Security, availability, and performance (in that order) are all essential for your applications, but it’s even better when you can get all three and also reduce your costs. It’s like the embodiment of the expression “you can have your cake and eat it too.” We are always happy when everything comes together for a customer so you can move on to more important things, like innovating your next big idea to grow your business.
Based in Santa Monica, California, Beachbody provides fitness and nutrition programs to more than 23 million customers. Beachbody OnDemand (BOD), the company’s digital streaming platform, recently migrated all of its web content delivery workloads to Amazon CloudFront. Bryan Muehlberger, CIO, said, “By moving our content delivery workloads to CloudFront, Beachbody was able to significantly reduce its data transfer costs, allowing us to reallocate the money towards the development of applications and other higher-priority efforts. With CloudFront, we also saw huge improvements in performance, with the load time of our applications reduced by more than 30 percent. We are very excited to continue working with CloudFront on additional cost and performance optimizations.” Paul Sutter, SVP of Digital for Beachbody, said “Amazon CloudFront was a strong strategic fit for where I’m driving the future of our BOD platform, and Amazon continues to be my partner of choice.”
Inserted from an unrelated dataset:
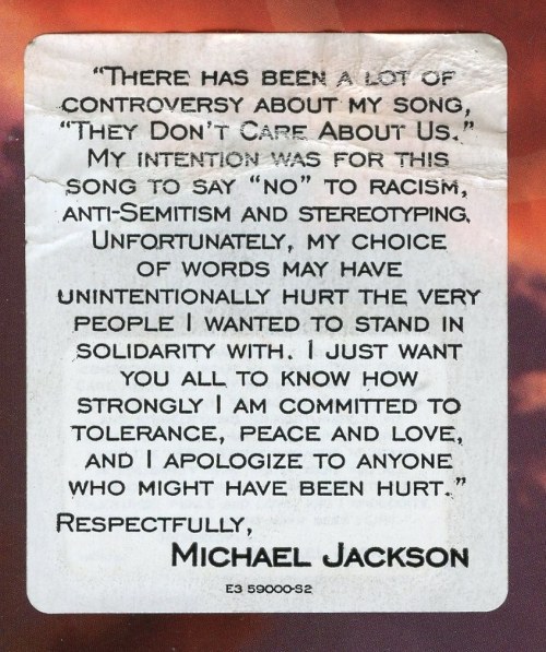 Some previous owner of my copy of this box set tried his best to pry the stickers off of the cover but thankfully didn’t succeed. The second one was added to the cover of the included booklet after controversy arose around the lyrical content of the song They Don’t Care About Us (which is a total banger, by the way). It’s incredible it wouldn’t have occurred to Michael or anyone around him that the lyric, “Jew me, sue me, everybody do me/Kick me, kike me, don’t you black or white me”, wouldn’t have attracted some heat. But Mike was having a bad couple of years.

Here’s to the next decade!
AWS re:Invent is fast approaching and we hope that you’ll join us at some of the many Content Delivery sessions that dive deeper into the capabilities CloudFront offers. We thank you for joining us in this evolutionary journey, and we are excited for what’s to come in the years ahead. We appreciate the kind words of so many of our customers on this milestone anniversary. Ten years later, and it’s still Day One for Amazon CloudFront.
Thank you,
Amazon CloudFront
“We have been using Amazon CloudFront since the beginning. We love how CloudFront has helped us grow and scale our websites securely over all these years. Congratulations on Amazon CloudFront’s 10-year anniversary!” Marco Viganò, Digital CTO, Condé Nast.
“As the distributor of a wide selection of entertainment formats, we have been using CloudFront for the past two years for both live streaming and video on demand. We have been very happy with CloudFront’s performance, availability, and reliability. Happy 10th year!” Christian Meyer, Senior Cloud Architect, ProSiebenSat.1 Digital GmbH.
“We chose CloudFront for its superior performance on both static and dynamic content delivery, and for built-in security features like AWS Shield for DDoS protection. We love the customer obsession of the AWS team. Congratulations to CloudFront on its tenth anniversary.” Jean Dominguez, Director of Cloud Services, Realtor.com.
“For several years, we have been very happy with Amazon CloudFront’s performance, unique features, and the AWS integration of security features such AWS Shield. Congratulations on Amazon CloudFront’s 10-year anniversary!” Hiroki Tanaka, Vice President, Sony Interactive Entertainment.